▶ **WORK REQUEST**: Only the lines from the start of the data through the line with "I had conflicting" belong in the copy. Restate them word for word, minus the pictures.

▶ **INFORMATION SUPPLIED**:

------------------------------------

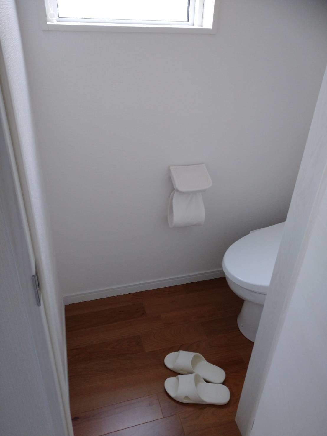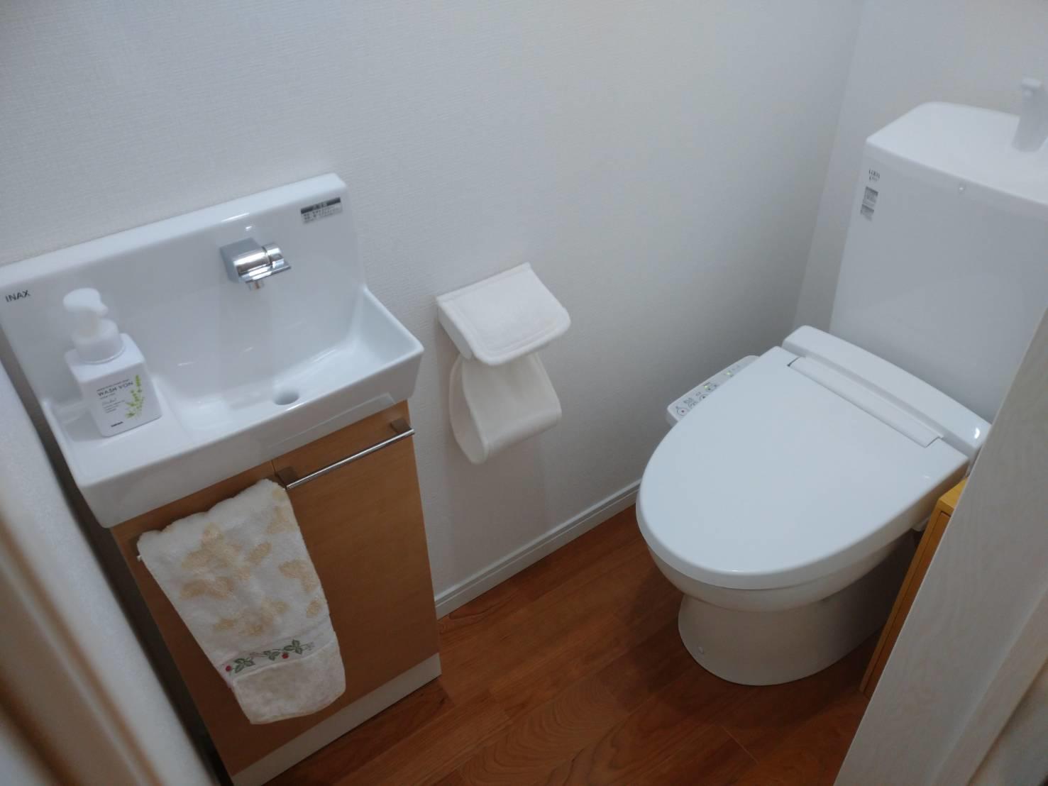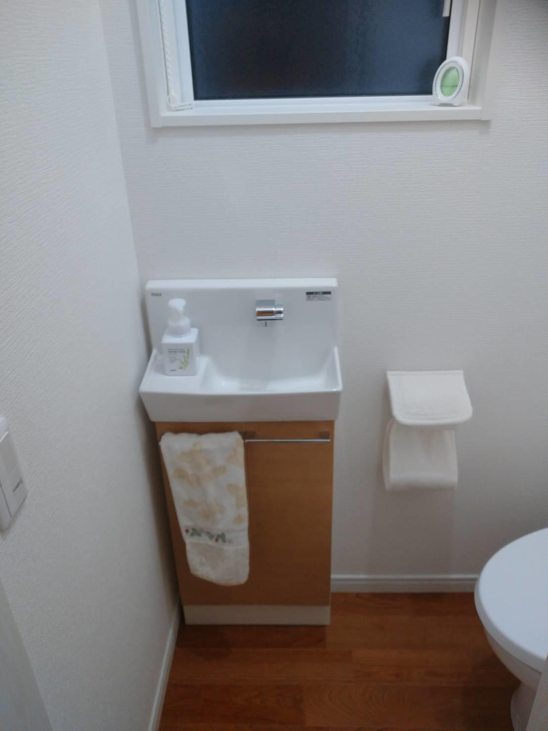 このお宅は築年数が浅くトイレもきれいでしたが、小さなお子様がいらっしゃって手洗器がなく不便だったようで、今回付けました。 ちょっとした掃除用品も収納できるようにキャビネットタイプにしました。
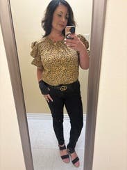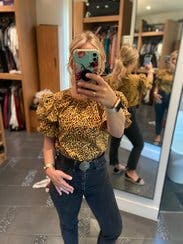 I had conflicting feelings on this shirt... I was expecting the material to be more on the silky side, but it's stiff. It is also very boxy, which I'm not a huge fan of. I ended up wearing an elastic belt around my waist and tucking the bottom under it to give it some sort of shape. I loved the sleeves, and while I'm not generally an animal print fan, I did like it on this shirt. Was fun to wear for a girls' night! Fit is true to size.
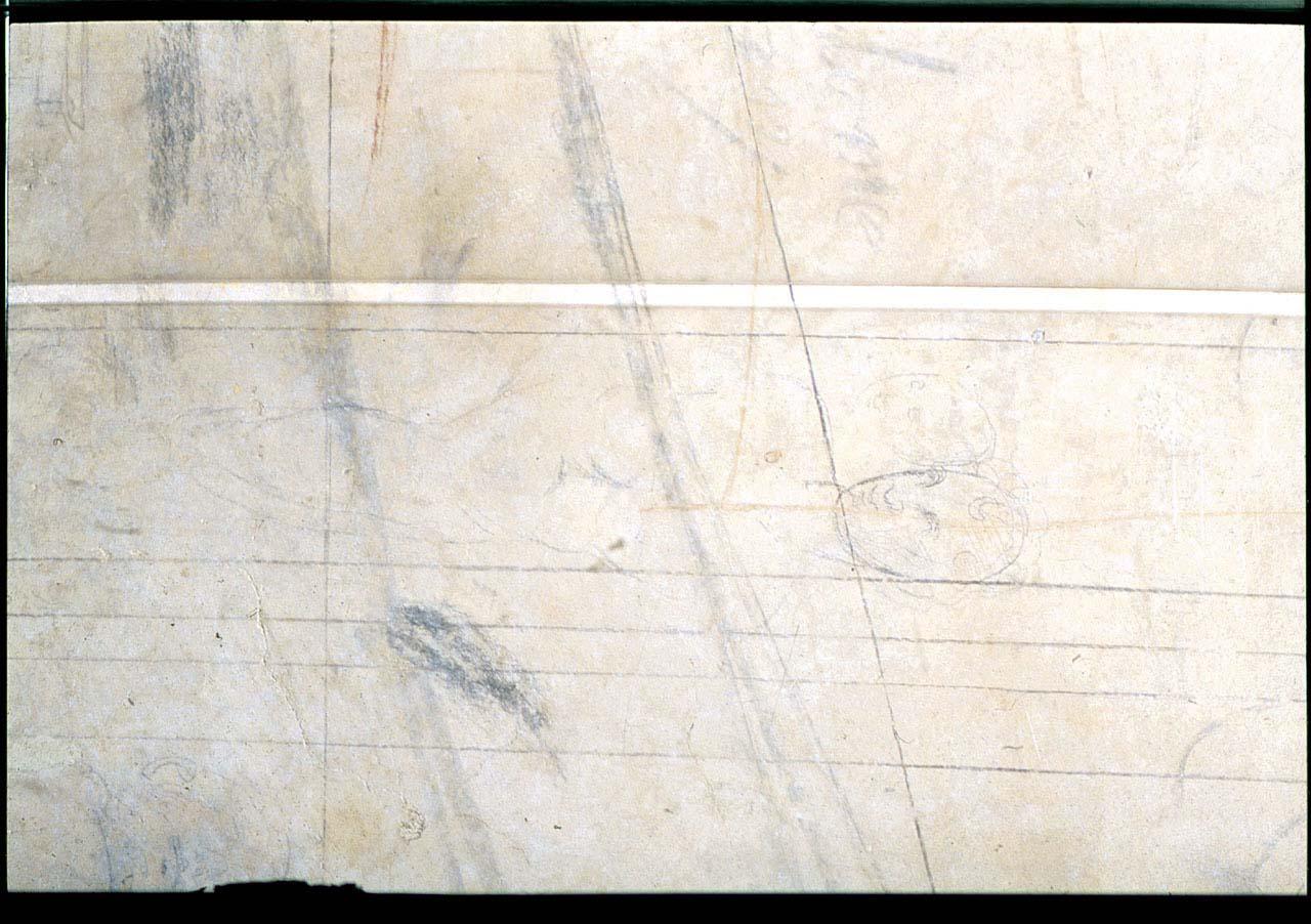 - NOTIZIE STORICO CRITICHE Fa parte del gruppo di disegni e iscrizioni murali che sono stati ritrovati e restaurati tra il 1975 e il 1977 nell'ambiente del lavamani adiacente la Sagrestia Nuova, nell'abside della Sagrestia e nel locale sottostante l'abside stessa. Per quanto riguarda l'ambiente del lavamani non é stata una vera e propria scoperta quanto piuttosto una valorizzazione di disegni che già si vedevano . I disegni invece del locale sottostante l'abside furono scoperti quando l'allora direttore del museo Paolo Dal Poggetto decise di ripulire e usare l'ambiente uscita per i visitatori. Per i disegni dell'abside si é trattato del risultato di una ricerca sistematica. I disegni sono stati attribuiti a Michelangelo e alla sua scuola dal Dal Poggetto che li ha catalogati in uno studio rigoroso cui ci siamo attenuti, riprendendone la sistematica suddivisione in 199 disegni. Lo studioso li ha distinti in due gruppi. Quelli del locale sottostante l'abside sono unitari e furono probabilmente eseguiti tra la metà di agosto e la prima decade di ottobre del 1530 da Michelangelo anno in cui l'artista, per sfuggire alla cattura da parte delle truppe imperiali che assediavano Firenze, si rifugiò con l'aiuto del Priore nel complesso laurenziano (Vasari, VII,p.201). I disegni dell'abside e dell' ambiente del lavamani sono più variati, registrando segni del maestro e degli allievi, di architettura e di figura, tracciati, sempre secondo il Dal Poggetto, tra il 1525 e il 1545 circa: rispettivamente nel '25-'26 quelli di architettura di mano di Michelangelo in quanto rispecchiano studi e progetti che in quegli anni erano già eseguiti o in fase di avanzata esecuzione; dopo il 1528 quelli di figura , sempre del Maestro, a partire dal 1528-30 fino al '45 quelli degli allievi. E' molto probabile infatti, sempre secondo il Dal Poggetto che almeno nell'abside la prima scialbatura sia stata data nel 1546. Vi é inoltre un gruppetto di disegni che il Dal Poggetto attribuisce al Tribolo datandoli a dopo il 1537 per la presenza tra questi disegni di uno studio di 'Capricorno', l'emblema di Cosimo I. Da notare infine un gruppo di scritte, numeri e segni che per il Dal Poggetto sono state tracciate oltre che da allievi, da operai, muratori, fornitori, visitatori etc. ugualmente prese in esame per un criterio di completezza. Per i disegni la maggior parte della critica ha confermato l'autografia michelangiolesca proposta dal Dal Poggetto; parere negativo é stato invece dato da Charles De Tolnay che assegna tutta la produzione ai garzoni di Michelangelo. Infine la Elam (1981) e il Middeldorf (comunicazione orale) attribuiscono i disegni di figura al Montorsoli, allievo di Michelangelo. Il presente disegno, secondo Dal Poggetto, è da avvicinare ai disegni n.34 F e n.15F di Casa Buonarroti attribuiti ad Antonio Mini. Il Dal Poggetto data il disegno anteriormente al 1531, data della partenza del Mini da Firenze

------------------------------------

▶ **THE COMPLETED TASK**:
 このお宅は築年数が浅くトイレもきれいでしたが、小さなお子様がいらっしゃって手洗器がなく不便だったようで、今回付けました。 ちょっとした掃除用品も収納できるようにキャビネットタイプにしました。
 I had conflicting feelings on this shirt... I was expecting the material to be more on the silky side, but it's stiff. It is also very boxy, which I'm not a huge fan of. I ended up wearing an elastic belt around my waist and tucking the bottom under it to give it some sort of shape. I loved the sleeves, and while I'm not generally an animal print fan, I did like it on this shirt. Was fun to wear for a girls' night! Fit is true to size.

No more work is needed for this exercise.